Note that integral matching relies on a non-parametric estimate of the trajectory, which you supply through the argument x. If not explicitly supplied (as above), the system uses linear interpolation of data. If you want to fiddle around with integral matching on your own, then study the two functions: imd and numint.

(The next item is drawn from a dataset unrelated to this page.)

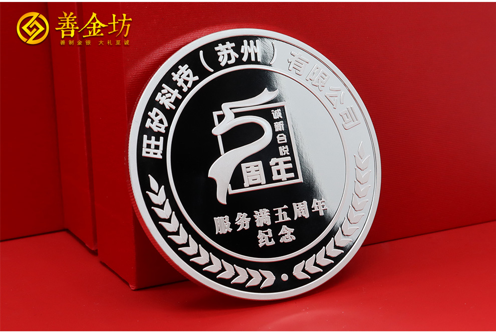 江苏旺矽科技员工入职五周年定制纯银80克纪念章_ 银币定制 纪念章制作 定做纪念章 制作纪念章 银币制作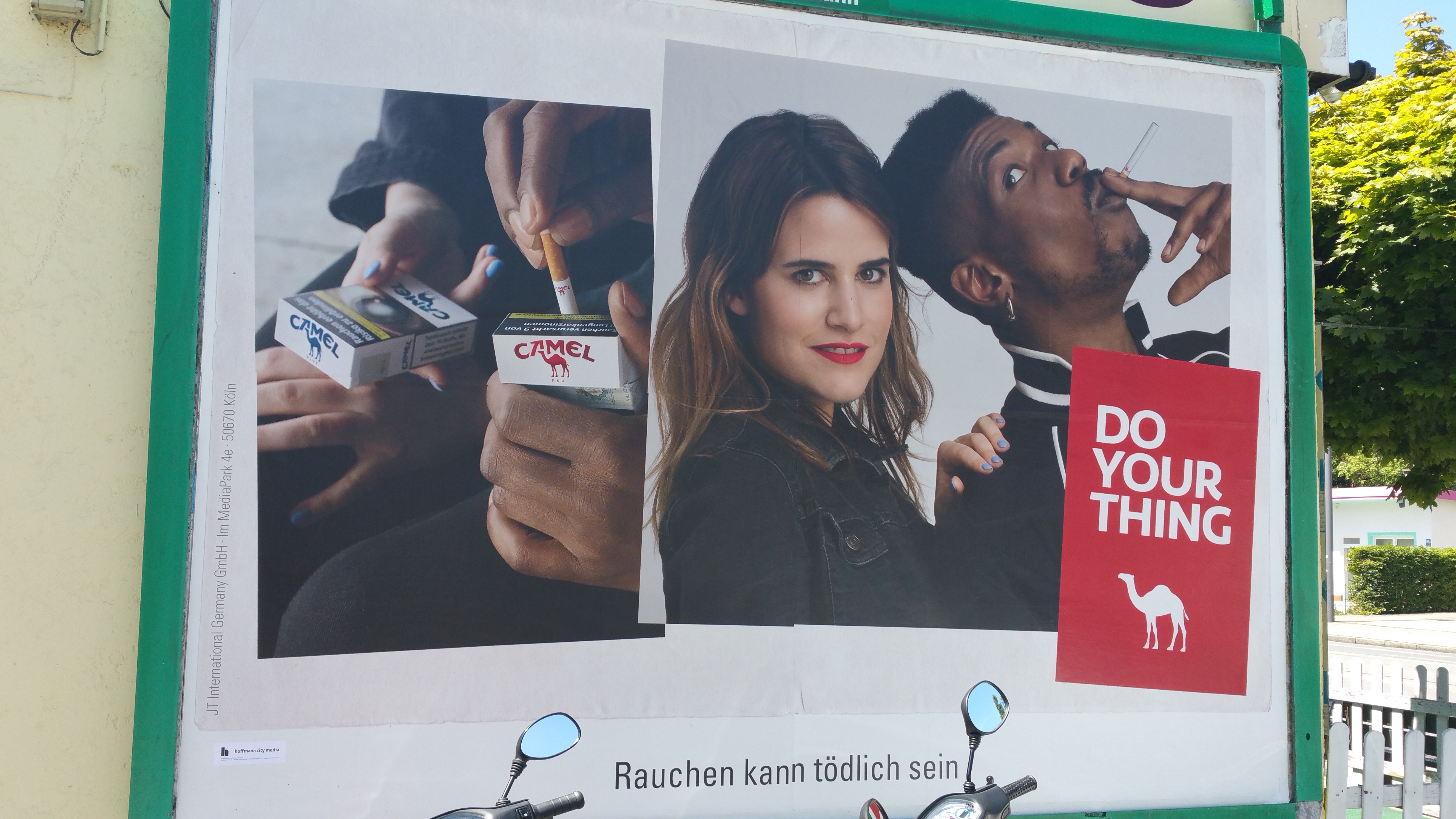 el’s Do Your Thing campaign reappeared last week in Munich with this gem. In the left panel a couple demonstrate two Camel packets, conveniently limiting exposure of the nasty death/chronic disease images that cigarette packets must legally display. On the right is the couple being tossers. That’s about it really.

If you are not satisfied with the approximate estimates from aim, you can pass them to rodeo as initialisations for, say a non-regularised optimisation:

# Change regularisation type to "none"
a$o$rs$rate$reg_type <- "none"
rod <- rodeo(a)
rod$params$rate
## 3 x 10 sparse Matrix of class "dgCMatrix"
##                                                                    
## [1,] 2.028109 2.028109 2.028109 2.028109 2.028109 2.028109 2.028109
## [2,] 2.156663 2.156663 2.156663 2.156663 2.156663 2.156663 2.156663
## [3,] 1.528525 1.528525 1.528525 1.528525 1.528525 1.528525 1.528525
##                                
## [1,] 2.028109 2.028109 2.028109
## [2,] 2.156663 2.156663 2.156663
## [3,] 1.528525 1.528525 1.528525

All of the above estimates should be held against the true rate parameters:

matrix(k, ncol = 1)
##      [,1]
## [1,] 2.10
## [2,] 2.25
## [3,] 1.50

Latent coordinates

If some coordinates are completely unobserved, then rodeo still works. But if you wish to use aim you must supply a non-parametric estimate of the trajectory through the x argument to aim, including the latent coordinates.